Embedding dimensions are locked at namespace creation — you can’t swap the embedding model in place, because the vector index dimensionality is fixed and vectors from different models aren’t comparable. To move to a new model, you re-extract your data into a target namespace using the new extractor config, validate it, then cut over.
This is the right path whenever you change the embedding model (e.g. a new frontier text model, or switching text_extractor → a higher-dim model). For routine model upgrades within the same family, the model registry hot-swaps the default for new collections without touching existing ones.
How it works
A migration of type re_extract reads your source namespace’s objects and re-runs extraction with a new feature_extractors config (the new model) into a target namespace. Your source stays live and untouched until you choose to cut over.

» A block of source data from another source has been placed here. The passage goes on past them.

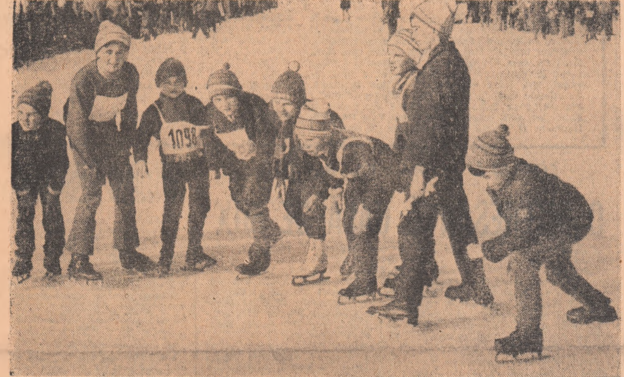
„Cupa tineretului” strânge ambii sportivi, cum se vede și în această imagine care-i reprezintă pe tinerii patinatori gata să se arunce pe gheață...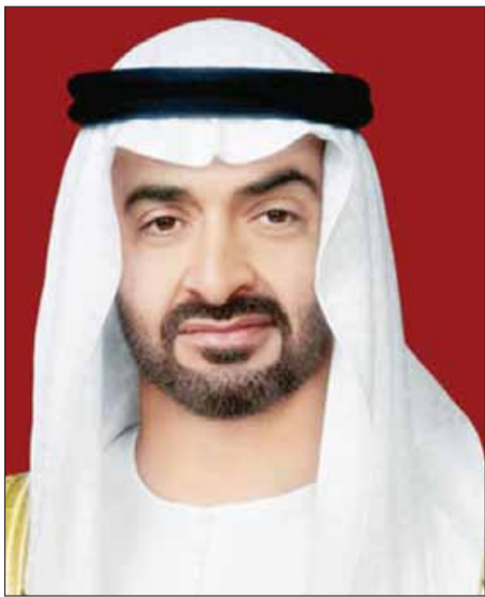
رئيس الإمارات الشيخ محمد بن زايد

نقف إلى جانب الكويت في الإجراءات والقرارات كافة التي اتخذتموها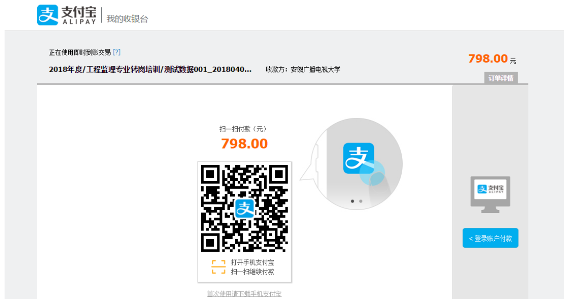
图 2-21 支付宝支付界面

7、支付成功后用户将会收到报名成功提示，如图 2-22 所示，及学习短信，如图 2-23 所示。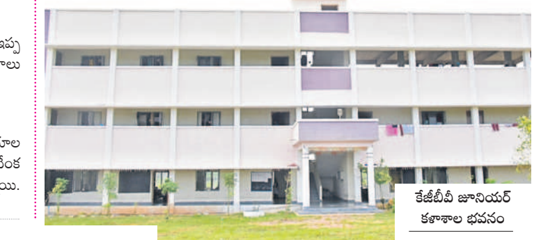
కేటీబీబీ జూనియర్ కళాశాల భవనం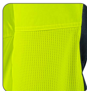
síťovina v zadní kolenní části sieťovina v zadnej časti kolena mesh back knee part siatka z tyłu kolana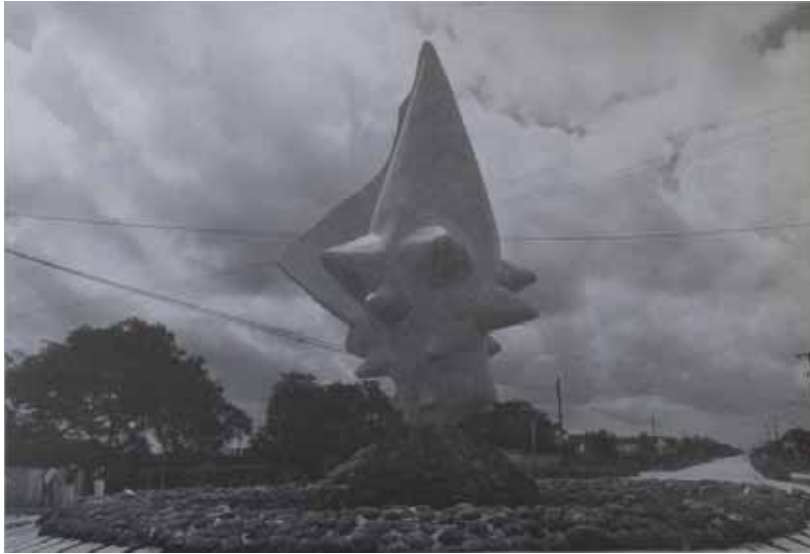
Monument al Caracol, Cozumel, Quintana Roo, México. Tomado de Helen Escobedo (coord.), Monumentos...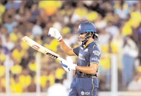
लॉग-ऑफ पर शार्द को कैच धमकते सुदर्शन ने 53 गेंदों में 84 रन की बहतरीन पारी खेली, जिसमें 7 चौके और 4 छक्के शामिल हैं। इसके बाद तबतिया विना खाला खेले रन आउट हो गए। गायकबाइ ने मिड-आफ से शानदार डाइरेक्ट हिट लगाकर उन्हें पवेलियन भेजा। हालांकि,

जवाब में लक्ष्य की पीछा करने उतरी चेन्नई की खराब शुरूआत, 31 रन पर तीन विकेट खोए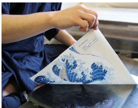
職人の木版技術により甦る 北斎「神奈川沖浪裏」

| Migration type | What it does |
|---|
re_extract | Re-run extraction with new extractor/model config (use this to change embedding models) |
copy | Copy resources as-is to another namespace (no re-extraction) |
extend | Add new features to existing documents without a full re-extract |
1. Validate first (dry run)
Always validate the migration config before committing compute — it checks the source, target, and extractor config without extracting anything.
curl -sS -X POST "$MP_API_URL/v1/namespaces/migrations/validate" \
-H "Authorization: Bearer $MP_API_KEY" \
-H "Content-Type: application/json" \
-d '{
"config": {
"migration_type": "re_extract",
"source_namespace_id": "ns_prod",
"target_namespace_name": "prod-v2",
"feature_extractors": [
{ "feature_extractor_name": "text_extractor", "version": "v1",
"params": { "embedding_model": "<new-model-id>" } }
]
}
}'
2. Create the migration
curl -sS -X POST "$MP_API_URL/v1/namespaces/migrations/" \
-H "Authorization: Bearer $MP_API_KEY" \
-H "Content-Type: application/json" \
-d '{
"config": {
"migration_type": "re_extract",
"source_namespace_id": "ns_prod",
"target_namespace_name": "prod-v2",
"feature_extractors": [
{ "feature_extractor_name": "text_extractor", "version": "v1",
"params": { "embedding_model": "<new-model-id>" } }
],
"dry_run": false,
"webhook_url": "https://example.com/migration-status"
},
"start_immediately": false
}'
The response includes a migration_id.
| Config field | Purpose |
|---|
migration_type | re_extract to change the model |
source_namespace_id | Namespace to migrate from |
target_namespace_name / target_namespace_id | Where the re-extracted data lands |
feature_extractors | New extractor config — the new embedding model |
filters | Optionally migrate a subset (by collection, date, etc.) |
batch_options | Tune batch size / parallelism |
dry_run | Validate only, don’t execute |
webhook_url | Get progress callbacks |
3. Start and monitor
# Start (if you didn't set start_immediately)
curl -sS -X POST "$MP_API_URL/v1/namespaces/migrations/{migration_id}/start" \
-H "Authorization: Bearer $MP_API_KEY"
# Poll status
curl -sS "$MP_API_URL/v1/namespaces/migrations/{migration_id}" \
-H "Authorization: Bearer $MP_API_KEY"
Cancel a running migration with POST /v1/namespaces/migrations/{migration_id}/cancel.
4. Cut over
Re-extraction re-pays GPU/extraction cost for every document, so validate on a subset first (use filters) and confirm quality before migrating everything. Once the target namespace is populated and validated:
- Re-run your evaluations against the target namespace to confirm relevance is at least as good.
- Point your application’s
X-Namespace (and retrievers) at the target namespace.
- Retire the source namespace when you’re confident.
Vectors from different embedding models are not comparable — you cannot mix old and new vectors in the same index, and you cannot copy embeddings across models (only re_extract regenerates them). Plan for the full re-extraction cost.